When design mistakes are fatal (and what we can learn from them)

The article Air France Flight 447: “Damn it, we’re going to crash” is long and fascinating. But most of all, it’s frightening. It paints a vivid picture of what happened the night of June 1st 2009, when Air France Flight 447 from Rio de Janeiro to Paris went missing. The plane was eventually found days later – all 228 passengers and crew died in the crash.

For me, the biggest take-away from the article is that sometimes bad design can cost lives. Much of the article is about the design flaws in Airbus planes that resulted in multiple – and eventually fatal – human errors by the pilots. The details are important so you should definitely read the whole article, but two main design issues are discussed.

First, there is a lack of information given to pilots:

In the next 40 seconds AF447 fell 3,000 feet, losing more and more speed as the angle of attack increased to 40 degrees. The wings were now like bulldozer blades against the sky. Bonin failed to grasp this fact, and though angle of attack readings are sent to onboard computers, there are no displays in modern jets to convey this critical information to the crews. One of the provisional recommendations of the BEA inquiry has been to challenge this absence.

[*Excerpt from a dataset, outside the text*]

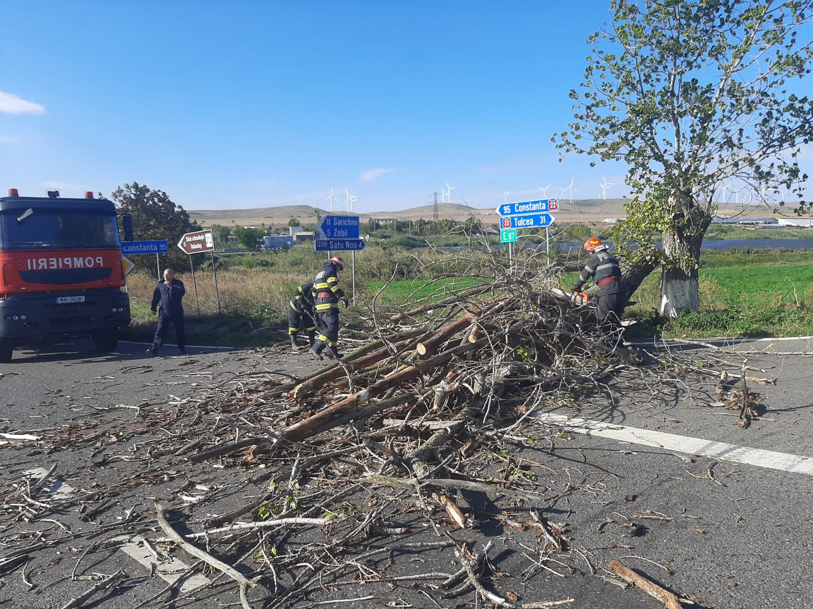 „În urma atenționării de cod galben de vânt emisă de meteorologi, pompierii Inspectoratului pentru Situații de Urgență „Delta” al județului Tulcea au intervenit pentru degajarea unor crengi ori copaci căzuți pe carosabil în județul Tulcea, la intersecția DN 22 cu DJ 229 dar și pe Drumul European E87 în localitatea Mineri. De asemenea, în cursul dimineții un echipaj format din 4 subofițeri au intervenit pentru degajarea unei crengi căzută pe două autoturisme pe Strada Babadag din municipiul Tulcea, iar în jurul prânzului au intervenit cu o autoscară în localitatea Valea Nucarilor pentru a îndepărta un copac căzut peste o casă afectând aproximativ 5 mp din acoperiș. În niciuna din situații nu au fost înregistrate victime”.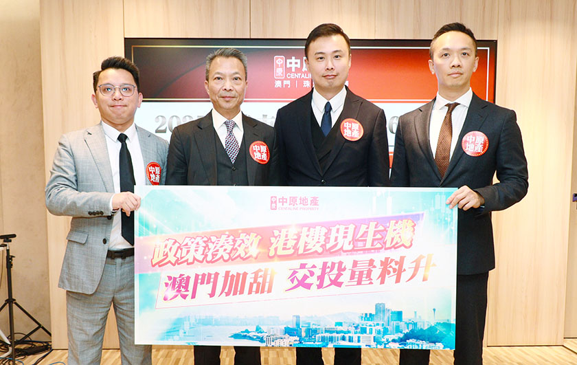 中原澳門及珠海橫琴昨午舉行二零二五樓市回顧及二零二六年前瞻發佈會。中原(工商舖)、中原澳門及橫琴董事總經理潘志明、中原澳門及珠海橫琴董事何兆恆、澳門中原豪宅及氹仔住宅部區域董事羅俊明、澳門中原(工商舖)區域董事李肇成主講。

Second, there is a lack of visual feedback on the particular kind of steering that’s used on all Airbus planes. Because of the way the so-called “fly-by-wire” steering method is implemented on the Airbus, it’s very difficult for pilots to see what their colleagues are doing, and therefore almost impossible to spot human error:

The American manufacturer [Boeing] was concerned about [the Airbus] side sticks’ lack of visual and physical feedback. Indeed, it is hard to believe AF447 would have fallen from the sky if it had been a Boeing. Had a traditional yoke been installed on Flight AF447, Robert would surely have realised that his junior colleague had the lever pulled back and mostly kept it there. When Dubois returned to the cockpit he would have seen that Bonin was pulling up the nose.

As I read through this article I was immediately reminded of Nielsen’s first usability heuristic:

Visibility of system status

The system should always keep users informed about what is going on, through appropriate feedback within reasonable time.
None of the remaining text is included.